Closed AquaHorseM closed 1 month ago
Hi. The 'state' is the global state containing all information in the game, that makes it a valid MDP. The observation of each agent should follow your environment design. Hope it helps.
Thank you for your reply! Sorry for another bothering here: how can I most conveniently modify the algorithms (HASAC for example) into offline training? Is there any suggestion?
These algorithms are not inherently designed for offline settings, so they do not curate large offline datasets or have conservative training constraints. I think you may need to design new algorithms and construct offline datasets to achieve offline training.

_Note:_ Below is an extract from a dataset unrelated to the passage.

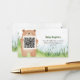 Share your baby registry details in an adorable way with this woodland teddy bears picnic QR code card. Featuring a watercolor style bear holding a customisable QR code sign, standing in a lush green field. Perfect for baby showers or announcements, this card helps guests easily access registry information online.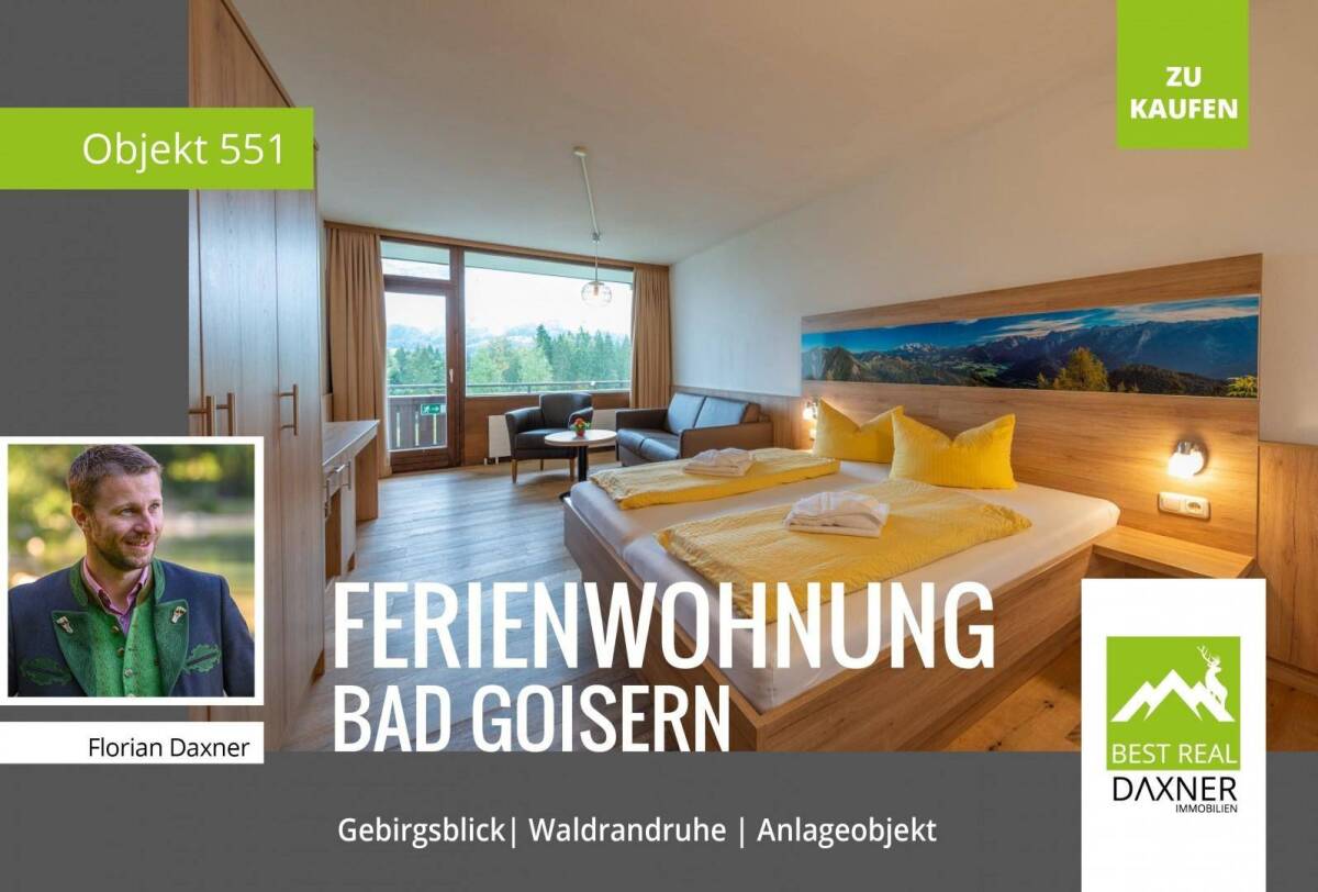 Eingebettet in die wunderschöne Bergwelt des Inneren Salzkammergutes, in exponierter, sonniger Waldrandruhelage befindet sich die gegenständliche Ferienwohnung, welche im Erdgeschoß einer gediegenen Wohn- bzw. Hotelanlage liegt.Die Wohnung im Ausmaß von rund 35m2 besteht aus einem Wohn/Schlafraum mit Ausgang zur Loggia, von welchem man einen traumhaften Fern- und Gebirgsblick genießen kann, sowie einem Badezimmer mit Wanne und WC. Genießen Sie hier die absolute Ruhelage! Die Wohnung ist barrierefrei erreichbar und wird komplett möbliert, zur sofortigen Nutzung übergeben.Die landschaftliche Vielfalt mit imposanten Gebirgszügen und insgesamt 76 glasklaren Seen, lässt im Sommer, wie im Winter Urlauberherzen höherschlagen. Dies wusste bereits Kaiser Franz Josef zu schätzen und verbrachte deshalb nahezu jede freie Minute im Inneren Salzkammergut, in einer der schönsten Regionen Österreichs. Nicht nur landschaftlich, sondern auch kulturell und traditionell hat das Salzkammergut einiges zu bieten. Berg- und Wassersportler, Kulturinteressierte aber auch Ruhesuchende kommen hier voll auf Ihre Kosten.Die Kulturhauptstadt Bad Ischl sowie der allseits bekannte Weltkulturerbeort Hallstatt sind nur wenige Autominuten von der Liegenschaft entfernt und mitunter äußerst beliebte Ausflugsziele.Der laufende Hotelbetrieb bietet Ihnen oder Ihren Gästen obendrein die Möglichkeit täglich (gegen Bezahlung) am reichhaltigen Frühstücksbuffet oder im à la carte Restaurant teilzuhaben. Der sehr gepflegte Wellnessbereich bietet Entspannung für alle Sinne!Mit einer möglichen Nettorendite von rund 5% ist die Wohnung nicht nur für Urlauber, sondern auch für Anleger eine tolle Alternative in einer der schönsten, naturnahen Regionen zu investieren. Während Ihrer Abwesenheit besteht auch die Möglichkeit die Wohnung direkt an das Hotel zu vermieten. Somit bietet diese Immobilie eine interessante Kombination aus Eigennutzung und Anlegerobjekt. Hier entscheiden Sie selbst, ob Sie es sich gute gehen lassen oder Ihr investiertes Geld für Sie arbeiten lassen.Erfahren Sie mehr in einem persönlichen Gespräch - wir freuen uns auf Sie!!

Okay thanks! Actually I am only looking for a way to apply the algorithm to existing datasets and I found where it should be done in the codebase. I would try it myself. Thank you anyway. Moreover, I found such a definition here: It seems like the returning 'state' of the 'step' function should be the shared observations? Sounds weird but it makes sense according to the code. I would try the implementations to see if they work, and hope there would be a more precise guide on how to adapt the algorithms to an own environment (or I would like to contribute to one if I succeed). Again, thanks for your work!
Yeah I understand, share_obs
may sound confusing but it is the state of the environment. It's just a naming convention I followed from MAPPO codebase. Also, your contributions are welcome.
I'm trying to fit my own env into the gym to use the algorithms, however the step() function needs to return a 'state'. Is this the global state that contain all the information in the game, or the shared observation that is visible to all agents? If it is the former, should I put the shared observation into each agent's own returning observation?